Maşa kafa maşa mermer

Balyanlar mimar değil, kalfa da değil; harç karıştırmayı bile bilmezlerdi; arşivde belgesi var, isteyene gösteririz. Zaten Mimar Sinan da Türk oğlu Türk’tü. Bakmayın ‘devşirmeyim’ dediğine, mezarından kafasını bile çıkarıp ölçtük, kocamandı. Zaten Ermeni olsaydı öyle mükemmel eserler veremezdi. Dadyanlar da barutçubaşı değildir mesela, baruthanenin yolunu bile bilmezlerdi. Yüz sene boyunca dört Osmanlı sultanına hizmet vermiş olmaları, devleti kandırdıklarını gösterir. Göğüslerindeki nişanları da bit pazarından pazarlıkla satın almışlardır. Sarrafçıbaşılar, kuyumcubaşılar, ekmekçibaşılar, darphane eminleri hep sultanların iyi niyetinden yararlanıp mevki sahibi olmuşlar.
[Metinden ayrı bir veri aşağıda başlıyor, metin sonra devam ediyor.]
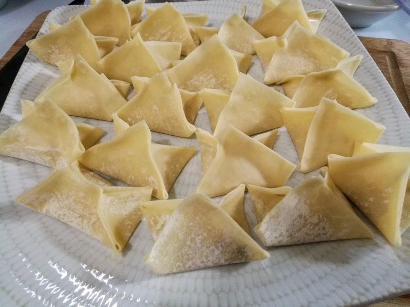 Look at those lovely bitches. I should have pinched the corners a bit tighter. Ah well. Get some oil going.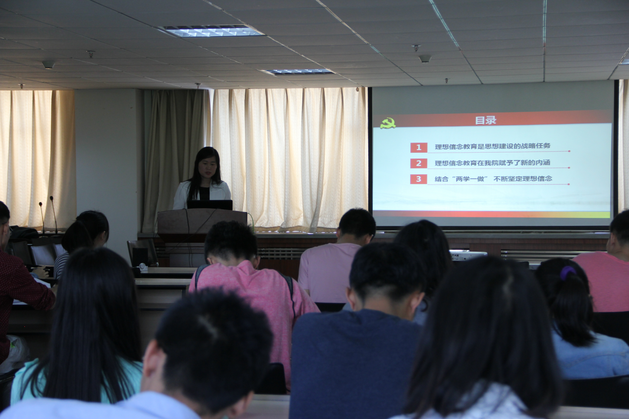 专题党课上,陈辉书记紧扣主题,从坚定理想信念的重要性、理想信念教育在我院赋予的新涵义以及如何坚定理想信念三个方面,加深了对理想和共产主义信念的理解和认识,陈辉书记说:坚持理想信念,就要深入学习。理论上清醒,政治上才能坚定。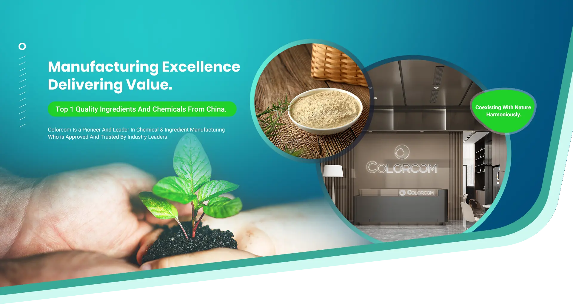 Хармонично коегзистирање со природата: една земја, едно семејство, една иднина. Сите производствени локации на Colorcom се наоѓаат во хемиски парк на државно ниво и сите наши фабрики се опремени со најсовремени капацитети, кои се сите меѓународно сертифицирани. Ова му овозможува на Colorcom континуирано да произведува производи за нашите глобални клиенти.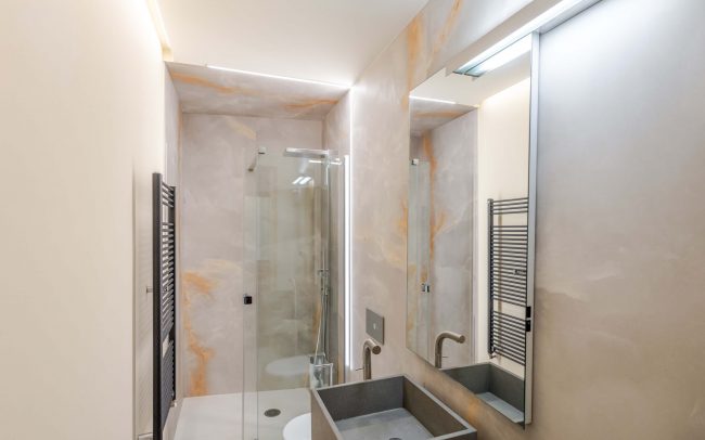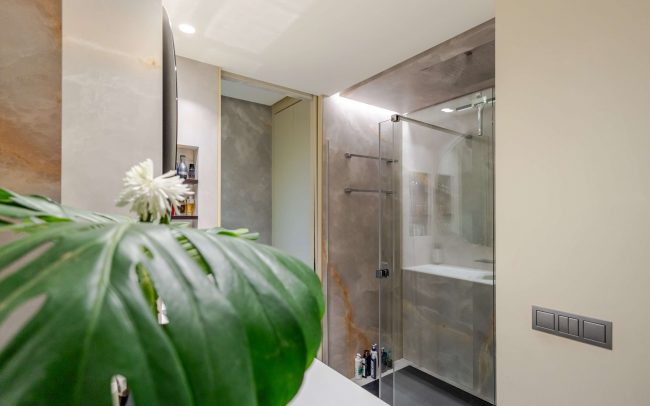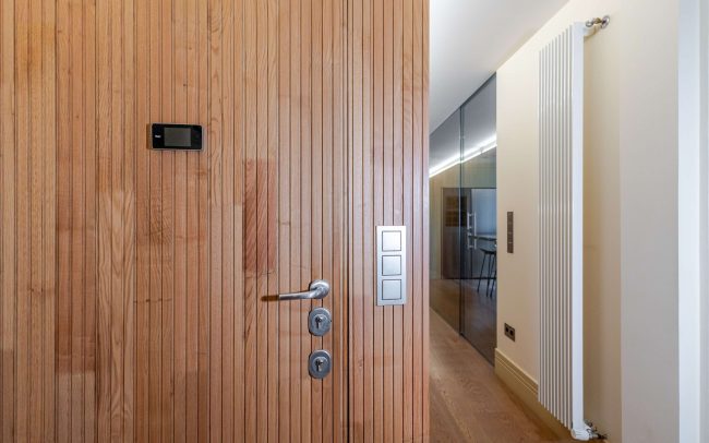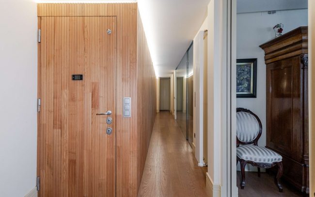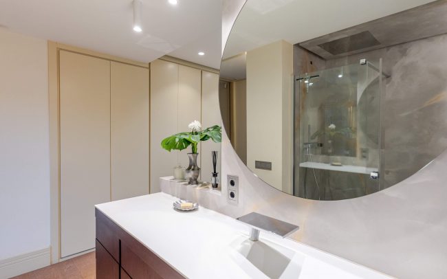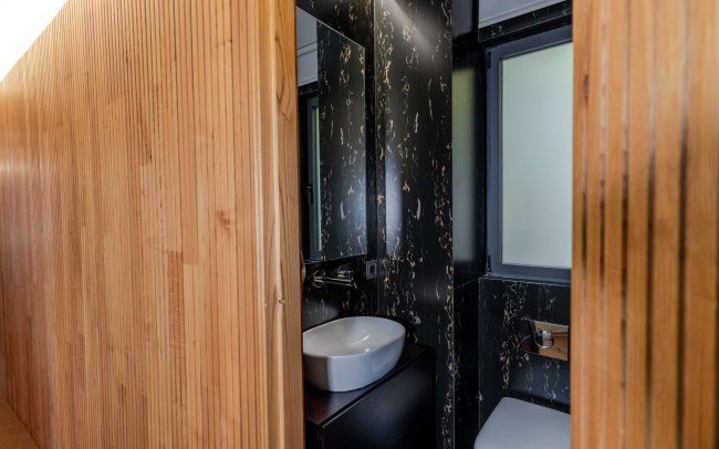 Las estancias ubicadas a la zona secundaria (que no cuentan con vistas) son las zonas no principales para los promotores: un dormitorio de invitados, zona de lavado y aseo. Se encuentran “ocultos” mediante un acabado del distribuidor de madera -incluidas las puertas-, con lo que conseguimos un pasillo homogéneo, que no se ve interrumpido por el ritmo de las puertas y que por tanto no rompe la estética que se buscaba conseguir.

Bimen Şen de o hesap. Çalıntı bestelerle Atatürk’ün gönlünü kazanmış, “Yüzüm şen, hatıram şen, meclisim şen” şarkısına kanan yüce önder onun Der Ğazaryan olan soyadını “Şen”e çevirmiş. Hagop Martayan’a da “Dilaçar” soyadı verilmiş; halbuki Türkçeyi doğru dürüst bilmezdi bile, eşe dosta mektuplarını da Ermenice yazarmış. Ara Güler de fotoğrafçı değildir zaten, bayatlamış fotoğraf filmleri satan bir işportacıdır, nasıl olup da dünyaca ün kazandığını tespit edemedik.
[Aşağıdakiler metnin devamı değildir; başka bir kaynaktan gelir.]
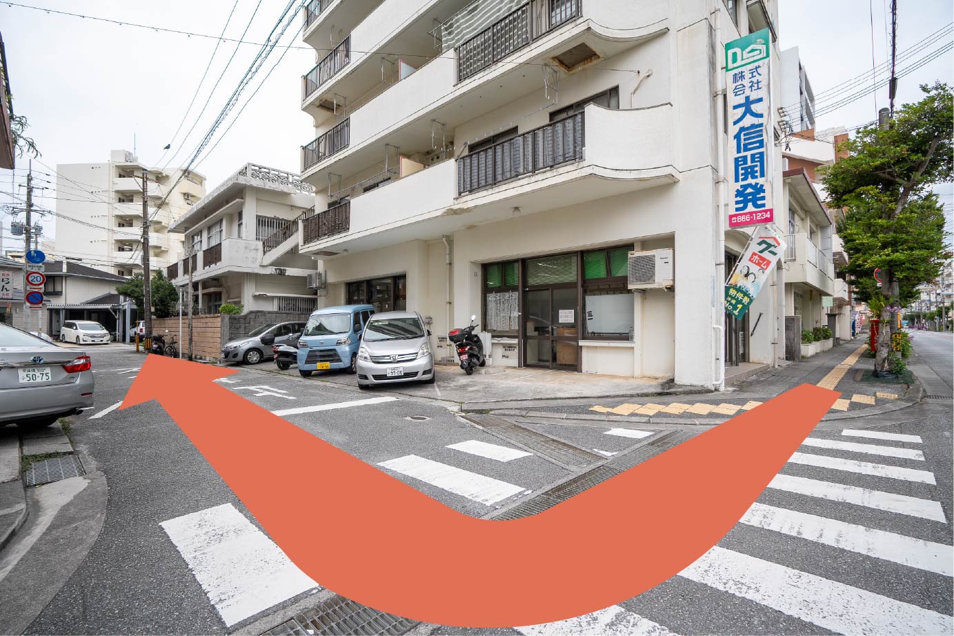 1つ目の角(大信開発様がある角)を右折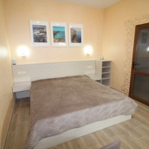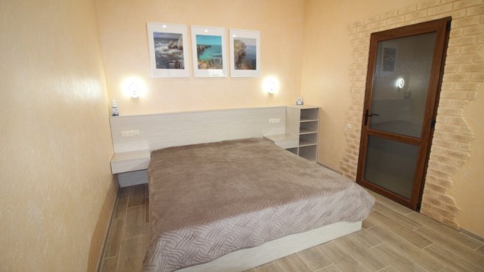 В номере есть: 2 изолированные комнаты, 2 двуспальные кровати с ортопедическим матрасом, 2 односпальных диван-кровать, 2 кондиционера, шкафы и тумбочки в каждой комнате, Wi-Fi, 2 телевизора (кабельное телевидение), современная сантехника и мебель, санузел, набор постельного белья и полотенец для каждого гостя, средства личной гигиены, сушилка для белья. Номер рассчитан на 6 гостей.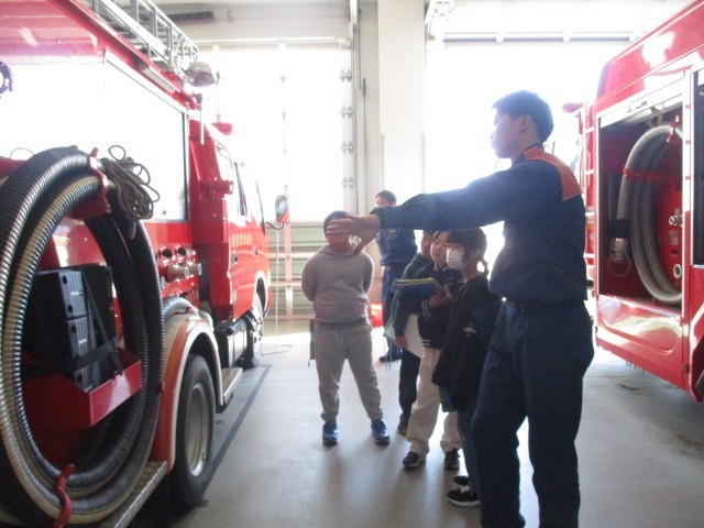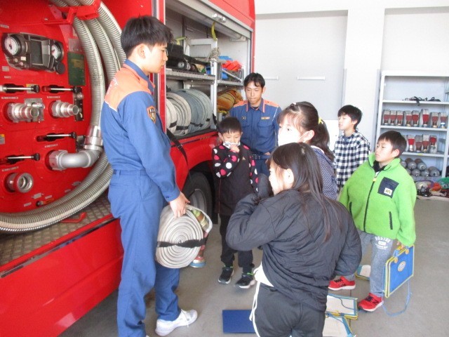 消防車の中の水の量や装備の重量等、思った以上に大きな規模であることに驚いていた子供たちでした。

Velhasıl, bu Ermeni milletinin, ki maşa bir millet olduğu malumunuzdur, kültürümüze hiç katkısı olmamıştır. Yüzyıllarca hoşgörümüz sayesinde beraber yaşamışız. Hoşgörünün de sınırı var tabii, baktık ki maşalığa devam ediyorlar, paşa paşa defterlerini dürdük, gittiler.